#### [Prompt]
When you copy the material below, keep every line exact and drop the pictures.

===== Data for review =====

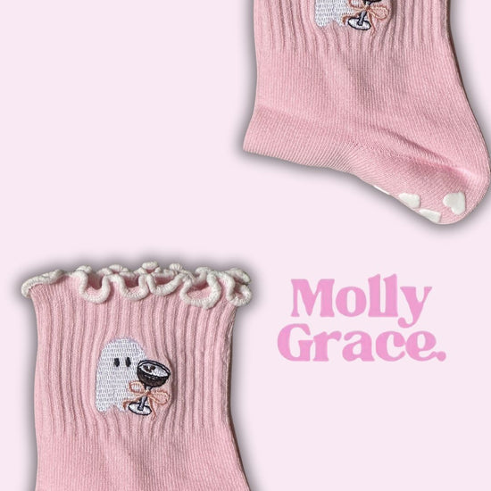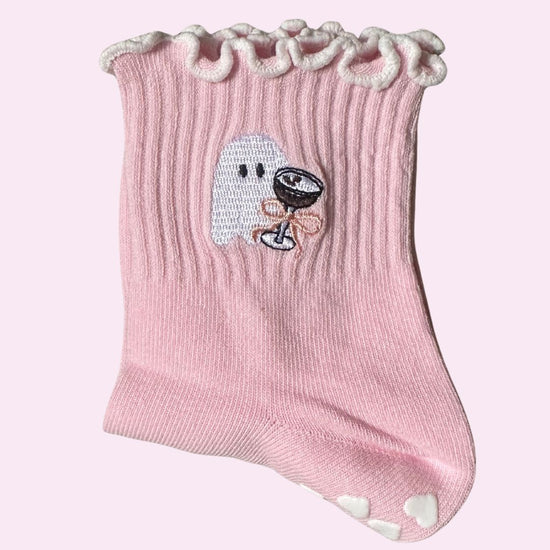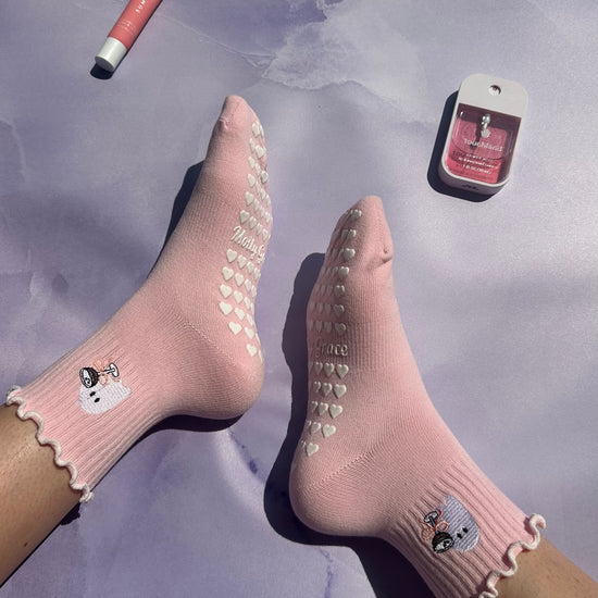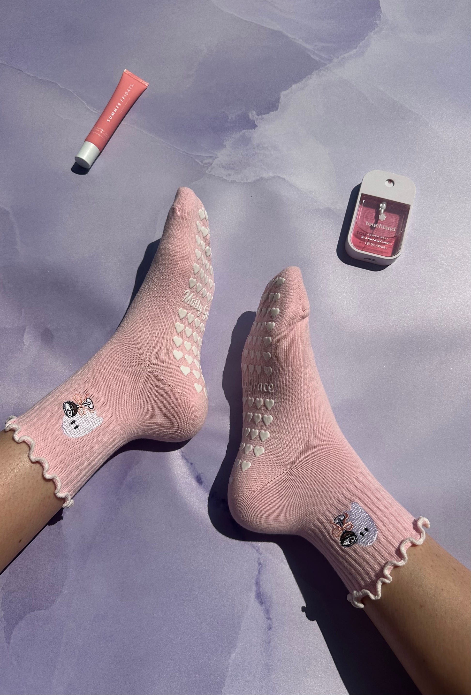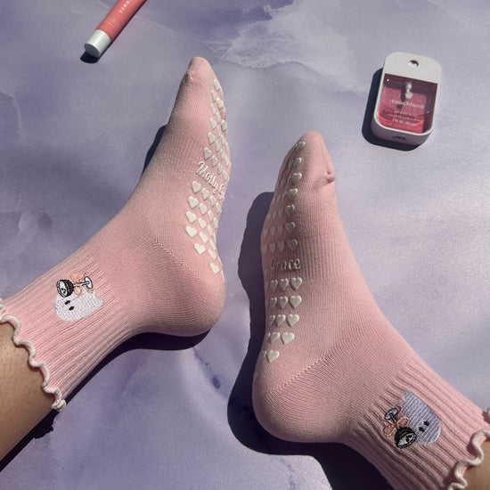 Bring some spooky-cute energy to your workout with our Espresso Martini Ghost Grip Socks! These pastel pink socks feature an adorable embroidered ghost holding everyone’s favorite cocktail and non-slip white heart grips on the soles. Perfect for Pilates, barre, yoga, or lounging, they combine function with fun so you can move safely in style.
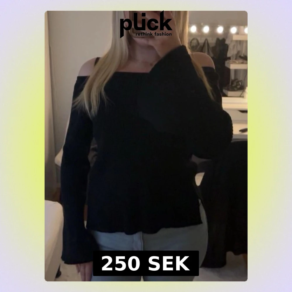 Säljer en svart offshoulder topp med långa, vida ärmar. Toppen har en rak skärning över axlarna och sitter snyggt figurnära. Perfekt att styla med jeans eller kjol.
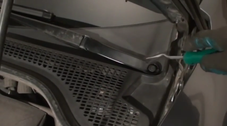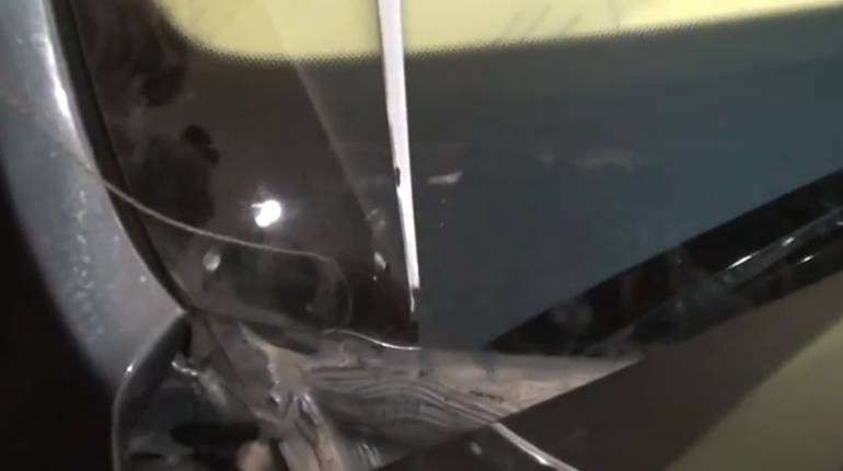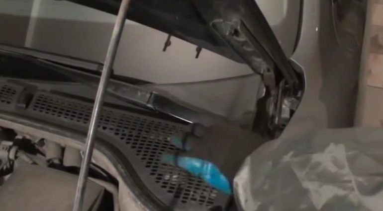 Снимаем накладку воздухозаборника ветрового стекла. Убираем накладку в сторону. - Далее, протыкаем шилом герметик между ветровым стеклом и кузовом и продеваем специальную нить с ручками для удаления стекол.
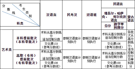 2018年新疆維吾爾自治區(qū)藝術(shù)類文化課錄取控制分?jǐn)?shù)線
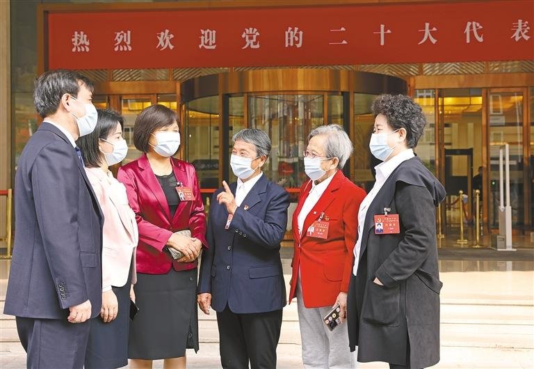 ▲十月十四日,出席黨的二十大的陜西代表王友民、何菲、常亞瓊、張蓮蓮、路生梅、王照輝(左起)在住地交流履職感想。代表們一致表示,將堅決扛起政治責任,以飽滿的熱情認真履行好神圣職責。 記者 母家亮攝
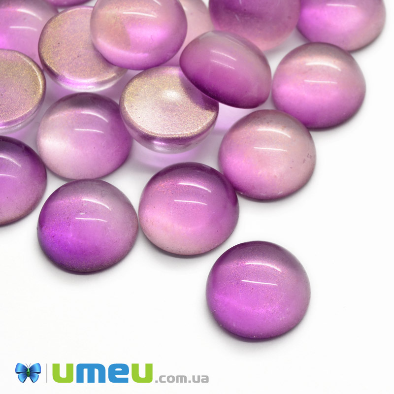 Кабошон стеклянный, 14 мм, Золотисто-малиновый (KAB-050688) / 1 шт
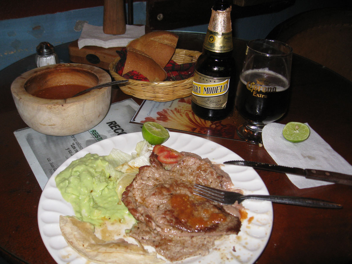 And as always, a sure route to pleasure in my mind, a $7.50 steak dinner plate and a buck and a half beer. Oh, did I say melt in your mouth good. Viva Carne Asada!
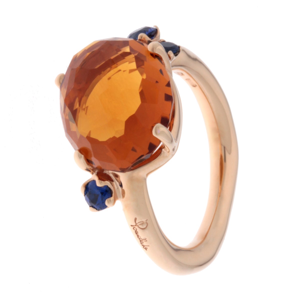 Anello Pomellato Bahia oro rosa quarzo madera e zaffiri

=====

#### [Exercise result]
 Bring some spooky-cute energy to your workout with our Espresso Martini Ghost Grip Socks! These pastel pink socks feature an adorable embroidered ghost holding everyone’s favorite cocktail and non-slip white heart grips on the soles. Perfect for Pilates, barre, yoga, or lounging, they combine function with fun so you can move safely in style.
 Säljer en svart offshoulder topp med långa, vida ärmar. Toppen har en rak skärning över axlarna och sitter snyggt figurnära. Perfekt att styla med jeans eller kjol.
 Снимаем накладку воздухозаборника ветрового стекла. Убираем накладку в сторону. - Далее, протыкаем шилом герметик между ветровым стеклом и кузовом и продеваем специальную нить с ручками для удаления стекол.
 2018年新疆維吾爾自治區(qū)藝術(shù)類文化課錄取控制分?jǐn)?shù)線
 ▲十月十四日,出席黨的二十大的陜西代表王友民、何菲、常亞瓊、張蓮蓮、路生梅、王照輝(左起)在住地交流履職感想。代表們一致表示,將堅決扛起政治責任,以飽滿的熱情認真履行好神圣職責。 記者 母家亮攝
 Кабошон стеклянный, 14 мм, Золотисто-малиновый (KAB-050688) / 1 шт
 And as always, a sure route to pleasure in my mind, a $7.50 steak dinner plate and a buck and a half beer. Oh, did I say melt in your mouth good. Viva Carne Asada!
 Anello Pomellato Bahia oro rosa quarzo madera e zaffiri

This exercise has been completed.